The screening of Jonathan Kent's production for the Royal Opera was actually Gheorghiu's second time on film as Tosca; her first was in a 2002 _Tosca_ movie directed by Benoit Jacquot and sung to a "soundtrack" (i.e., complete recording, co-starring Roberto Alagna and Ruggero Raimondi) conducted by Pappano. Tosca is an opera singer; Gheorghiu's Tosca is a diva "offstage" as well, playing her predicaments (e.g., her suspicions of Mario's infidelity, her fear for his safety) for drama until hit, finally, with the hard truth that_ some _things (namely, Mario's death) are unavoidably _real_. In this context the listener "hears" that Puccini likely composed Tosca's Act I "O mio bel nido insozzato di fango/Vi piombero inattesa!" in conscious imitation of a Baroque-opera recitative. Gheorghiu's lyric soprano is on the small and light side for the role; yet, during Act II's "Vissi d'arte," the viewer comes to associate her voice with the white gown and glittering tiara she wears, and to appreciate its timbre like pearls or crystal. That voice's rapid vibrato is pleasantly old fashioned, as are Gheorgiu's gestures and facial expressions, aimed more at the audience in the opera house than the one in the cinema or at home.










Gheorghiu is supported by German tenor Jonas Kaufmann as Mario Cavaradossi and Welsh bass-baritone Bryn Terfel as Scarpia. A distinctive and delightful thing about Terfel is the fact that he invariably looks British, but in a way that fits whichever role he happens to be singing. His Don Giovanni for the Met (1999) resembled a rake in a Jane Austen novel; his brutal and brutish, long-haired Scarpia for the Royal Opera resembles either Bill Sikes _(Oliver Twist_--or_ Oliver!_) or Sweeney Todd. Aged 45 in this performance, Terfel retains his characteristic sound--warm, hugely resonant, and with a wide dynamic range--though his vibrato has loosened to the extent that it takes him much of Act I to bring it under control. With his tousled curls and serious manner, Kaufmann as Mario is no generic Italian-tenor ingénu but instead resembles a German Romantic like Schiller or Beethoven. Mario's defiant "Vittoria!" (Act II) sounds especially Beethovenian with this tenor, whose voice is rich, dark, subtle, and incredibly powerful. That Tosca's lover is a brave, political dissident is never forgotten with Kaufmann; in the Act II interrogation and in "E lucevan le stelle," anxiety and doubt register repeatedly on his would-be stoic face. Typical of British opera productions by British theatre directors, Kent's _Tosca_ is staged with the finest dramatic values. The all-important chemistry between Tosca and Mario is present, and Terfel's acting is superb; with just a bit of reining in, Scarpia would convince in a non-musical film or play.

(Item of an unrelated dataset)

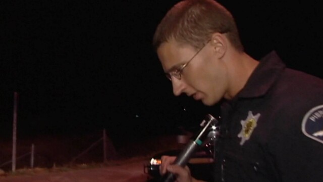 A dangerous car chase ends when a suspect rear ends a vehicle at an intersection, he is immediately apprehended; cops see men two men in a car late at night and as they approach the car they see a man put a bag in the center console.

Chandos' Opera in English series affords fans the chance to hear favorite singers in some of their best parts, roles that might otherwise have gone unrecorded in an era when few complete recordings of standard-repertory operas are made. It is thanks to Chandos and the Peter Moores foundation that we have, on CD, Elizabeth Futral's Lucia di Lammermoor, Susan Bullock's Salome, Simon Keenlyside's Macbeth, and Jane Eaglen's Tosca, albeit sung in English. Eaglen's co-stars in the 1995 _Tosca_ are Welsh tenor Dennis O'Neill and Australian baritone Gregory Yurisich. I am just old enough to remember the operatic scene in the later '90's; the main complaint then was that there were "no big voices left" to serve operas like _Tosca_. Eaglen, an "exception," was a famous Wagnerian soprano; why weren't O'Neill and Yurisich better known? The Chandos _Tosca_ suggests that their voices would have been more than adequate for their roles at Covent Garden, if not at the Met.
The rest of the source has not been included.